Pentaho Releases “Filling the Data Lake” Big Data Blueprint for Hadoop
SAN JOSE, Calif., June 28, 2016 (GLOBE NEWSWIRE) – @HADOOPSUMMIT – @Pentaho, a @Hitachi Group Company, today announced “Filling the Data Lake”, a blueprint that helps organizations architect a modern data onboarding process for ingesting big data into #Hadoop data lakes that is flexible, scalable, and repeatable. Data management professionals can now offload the drudgery of the data preparation process and spend more time on higher value-added projects.

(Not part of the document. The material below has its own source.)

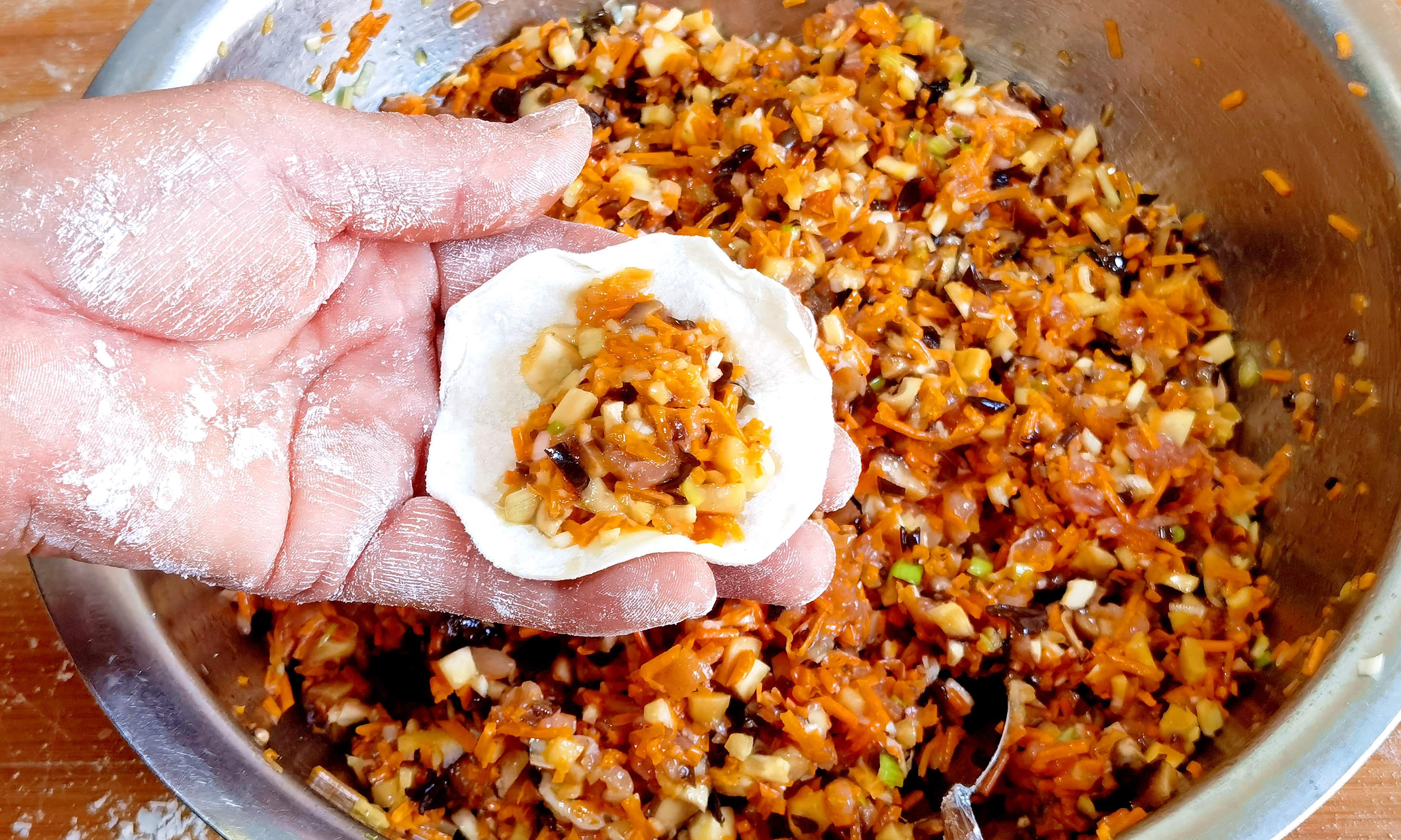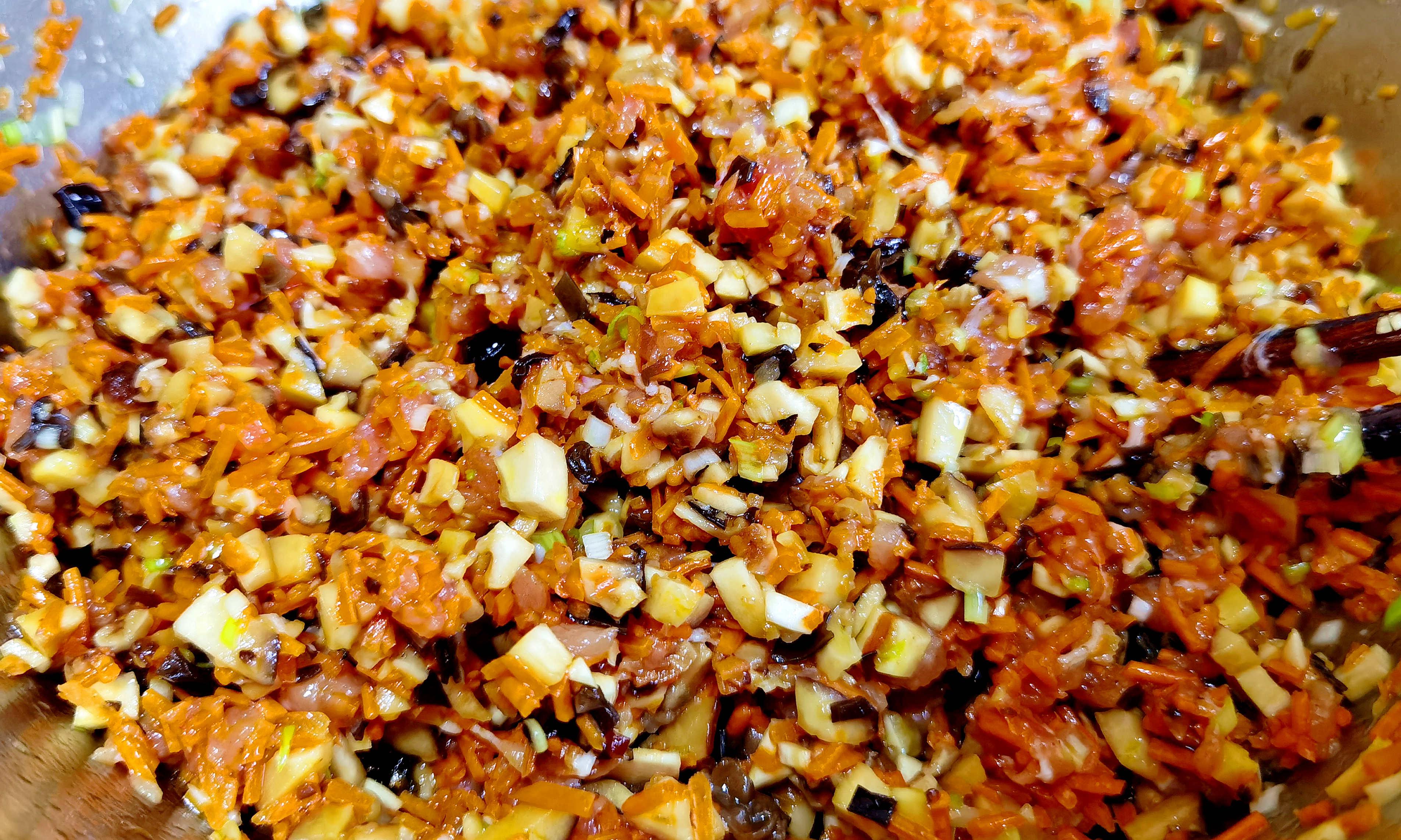 1. 胡蘿蔔可以先用少許鹽醃一下,擠掉多餘水分再拌餡。香菇如果水分大,也可以稍微炒一下去除水分。

According to Ventana Research, big data projects require organizations to spend 46 percent of their time preparing data and 52 percent of their time checking for data quality and consistency. By following Pentaho’s “Filling the Data Lake” blueprint, organizations can manage a changing array of data sources, establish repeatable processes at scale and maintain control and governance along the way. With this capability, developers can easily scale ingestion processes and automate every step of the data pipeline.
“With disparate sources of data numbering in the thousands, hand coding transformations for each source is time consuming and extremely difficult to manage and maintain,” said Chuck Yarbrough, Senior Director of Solutions Marketing at Pentaho, a Hitachi Group Company. “Developers and data analysts need the ability to create one process that can support many different data sources by detecting metadata on the fly and using it to dynamically generate instructions that drive transformation logic in an automated fashion.”